The fourth term of the arithmetic progression is 16, and the sum of the sixth and eleventh is 5.

The fourth term of the arithmetic progression is 16, and the sum of the sixth and eleventh is 5. Find the sum of the first 18 terms of the progression.

find the first term and the difference of the given arithmetic progression.

Let’s use the formula of the nth term of the arithmetic progression an = a1 + (n – 1) * d, where a1 is the first term of the arithmetic progression, d is the difference of the arithmetic progression.

By the condition of the problem, the fourth term a4 of this arithmetic sequence is 16, and the sum of the sixth and eleventh terms is 5, therefore, we can write the following ratios:

a1 + (4 – 1) * d = 16;

a1 + (6 – 1) * d + a1 + (11 – 1) * d = 5.
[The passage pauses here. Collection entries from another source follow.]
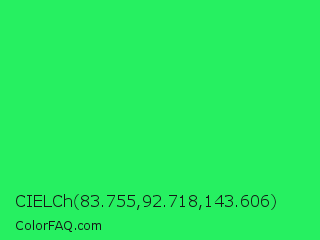 CIELCh 83.755,92.718,143.606 Color is a normal green color and the nearest color is Malachite #0bda51. Hex code #26f061 and RGB value is rgb(38,240,97). In RGB color space, this color is composed of 15% red, 94% green, 38% blue, In CMYK color space, this color is composed of 84% cyan, 0% magenta, 60% yellow , 6% black , In HSL color space, this color has a hue angle of 138° , 87% saturation and 55% lightness.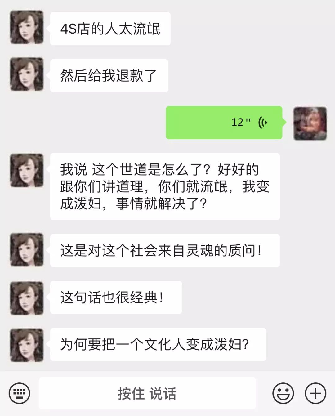 视频热转一天后,算是等来了一个好消息。听说这个女车主已经拿到了本该属于自己的退款,在和好友的聊天记录里,她说了一句可以称为经典的语录。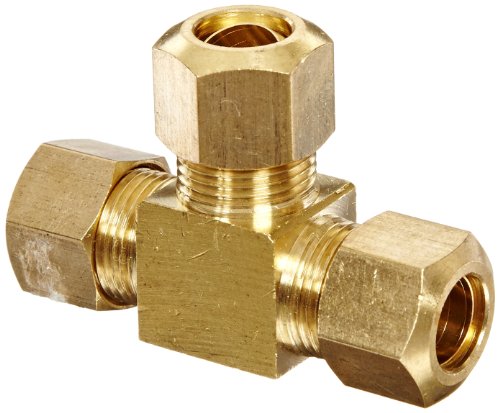 Anderson Metals 50064 Brass Compression Tube Fitting, Tee, 3/8" x 3/8" x 3/8" Tube OD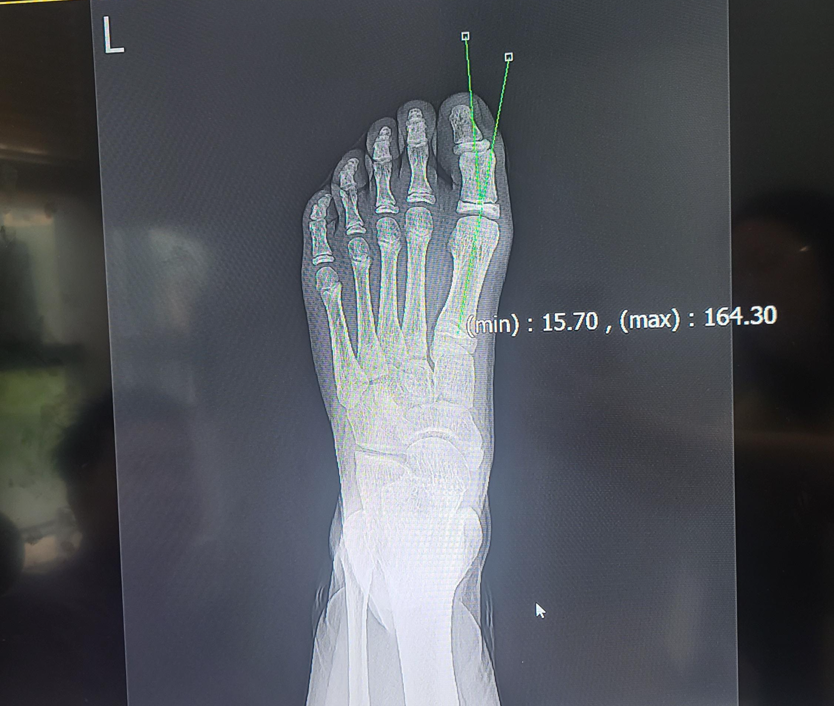 발을 위에서 찍는 X-ray를 통해 엄지발가락과 발의 각도(보통 15도 이상이면 무지외반증 진단), 관절 상태, 뼈의 변형 정도를 정확히 파악할 수 있습니다.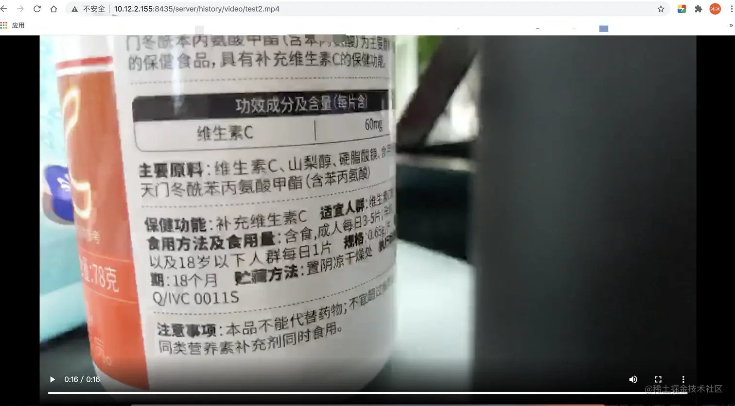 启动项目,在url输入:http://{{IP}}:{{port}}/server/history/video/test.mp4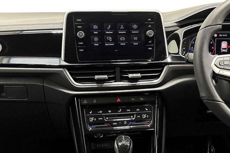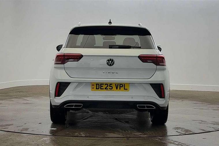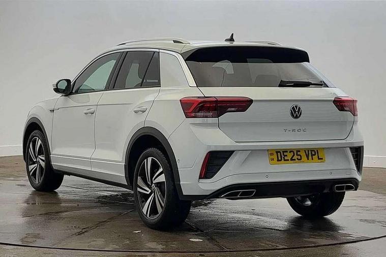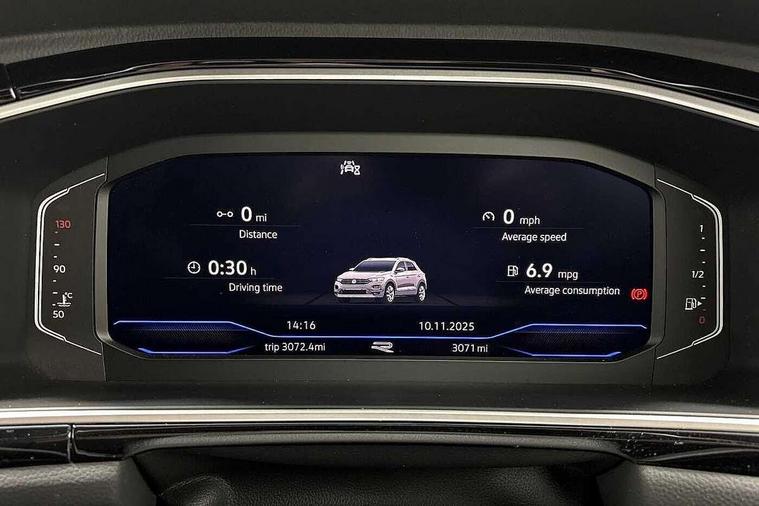 10.25" Digital cockpit pro, Advanced driver attention and drowsiness monitor, Emergency call service, Lane keeping system Lane Assist, Mobile phone interface, Modified key software - reduce switch off time for key status change to Long no motion, Online services, Park assist including front and rear parking sensors, Service interval indicator, Tailgate/trunk lid release from outside, Think blue trainer driver tips and journey analysis, Warning sound and light for front seatbelts unfastened, Wireless app connect, Battery regeneration during braking, Start/stop function with battery regeneration, DAB Digital radio, Diversity antenna for FM reception, Front and rear 6 speakers, Music playback - MP3, WMA and AAC files, Premium USB cable in choice of either Apple or Android smartphone compatibility, SD card slot, Simultaneous pairing of 2 compatible mobile devices, Title and cover art display, We Connect and We Connect Plus functionality, Auto dimming interior rear view mirror, Automatic hazard lights activation under emergency braking, Automatic headlight control with LED separate daytime running lights with coming/leaving home function, Body coloured exterior mirror housings and door handles, Electrically adjustable and heated door mirrors, Extended roof spoiler, Exterior mirrors aspherical on driver side, convex on front passenger side, External USB type C socket and charging sockets, Front windscreen wiper with intermittent wipe and 4 position delay, Heated rear window, LED 3rd brake light, LED rear combination lamps, LED rear number plate lights, Power windows with comfort operation and circuit breaker, Privacy glass for rear side windows and rear window, R-Line design body coloured bumpers, Rain sensor, Rear exhaust tailpipe, Rear fog light on one side and reversing lights on both sides, Rear side wing doors, Rear wash/wipe with intermittent wipe setting, Remote electrically foldable door mirrors, puddle lights and reverse activated passenger's door mirror, 12V power socket in centre console, 3 rear head restraints, 3 seat bench in 2nd row, 4 load lashing points in luggage compartment, Air care climatronic air conditoning system with active combination filter and 2-zone temperature control, Black roof lining, Chrome plated decorative trims, Chrome plated radiator grille inserts, air vent surrounds and light switch surrounds, Door and side trim panel with leatherette insert, Front + rear carpet mats, Front centre armrest, Front cupholders x 2, Front footwell illumination, Front reading light, Front scuff plates with R Line logo, Front seat back storage pockets, Glove compartment door with light, Instrument lighting, white adjustable panel illumination, Interior ambient lighting and surround lighting, Interior light delay, Isofix child seat preparation, Leather gearshift handle, Load-through provision with cup holder when folded down ('Unsplit rear seat bench, split folding backrest, with centre armrest), Luggage compartment lighting, Single front passenger seat, Stainless steel pedals, Storage compartment in left and right luggage area, Storage compartment in rear doors, Storage compartments in driver and front passenger doors, Sunvisors with illuminated vanity mirrors, Variable boot floor, height adjustable and removable, Driver assistance pack without proactive passenger protection - T-Roc, 3 point height adj front seatbelts + pretensioners, 3 point seatbelts in outer rear with ECE label, ABS, Child locks on rear doors, City emergency braking and pedestrian monitoring, Driver and front passenger airbag with front passenger airbag deactivation, Driver and front passenger safety-optimised head restraints, Drivers seatbelt reminder, Electronic parking brake, Electronic Stability Control (ESC) inc EDL (Electronic Differential Lock) and ASR (Traction Control), Front and rear passengers curtain airbag system including front side airbags, Hill start assist, Predictive pedestrian protection, Rear disc brakes, Two tone horn, Tyre pressure loss indicator, Volkswagen roadside assistance, Piano black decorative inserts in dashboard and front door trim panels, Trims for alloy wheels,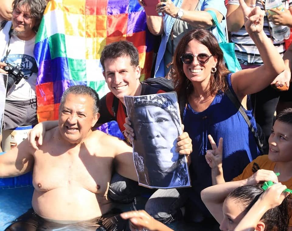 El «piletazo» fue en conmemoración a la emblemática obra social de Sala en la provincia de Jujuy (norte), donde al frente de la organización barrial Túpac Amarú, logró la construcción de 18 centros Polideportivos y la piscina más grande del norte del país para el disfrute de la población mas relegada de la región.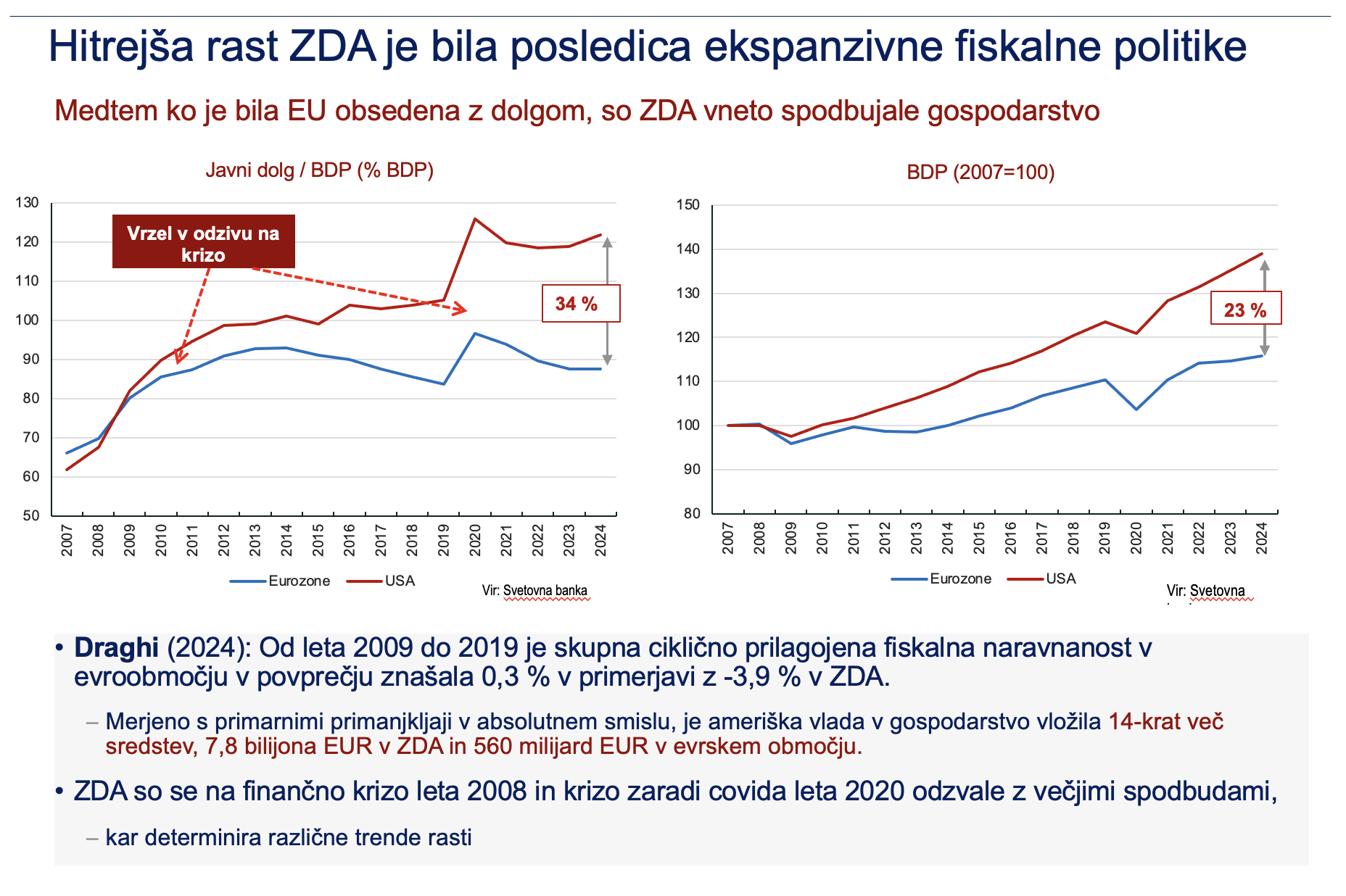 Ta fiskalna “pravovernost” po skupnih evropskih pravilih je nato vodila v dolgo gospodarsko stagnacijo po letu 2009. Kot prikazuje Mario Draghi v Poročilu o konkurenčnosti (2024), je od leta 2009 do 2019 je skupna ciklično prilagojena fiskalna naravnanost v evroobmočju v povprečju znašala 0,3 % v primerjavi z -3,9 % v ZDA. Torej evrske članice so zaradi fiskalnega pravila po veliki finančni krizi vodile restriktivno fiskalno politiko, ZDA pa močno ekspanzivno. Kar pomeni, da je – merjeno s primarnimi primanjkljaji – v desetletju po finančni krizi 2009-2019 v absolutnem smislu ameriška vlada gospodarstvo stimulirala s 14-krat več sredstvi (s 7,8 bilijoni EUR) kot evrske članice, ki so ga v desetletju stimulirale le s 560 milijardami EUR.

Simplifying these ratios, we get:

a1 + 3d = 16;

2a1 + 15d = 5.

We solve the resulting system of equations.

Substituting into the second equation the value a1 = 16 – 3d from the first equation, we get:

2 * (16 – 3d) + 15d = 5;

32 – 6d + 15d = 5;

32 + 9d = 5;

9d = 5 – 32;

9d = -27;

d = -27 / 3;

d = -9.

Find a1:

a1 = 16 – 3d = 16 – 3 * (-9) = 16 + 27 = 43.

Find the sum of the first 18 members of the progression:

S16 = (2 * a1 + d * (16 – 1)) * 16/2 = (2 * a1 + d * 15) * 8 = (2 * 43 + (-9) * 15) * 8 = (86 – 135) * 8 = -49 * 8 = -392.

Answer: The sum of the first 18 members of the progression is 392.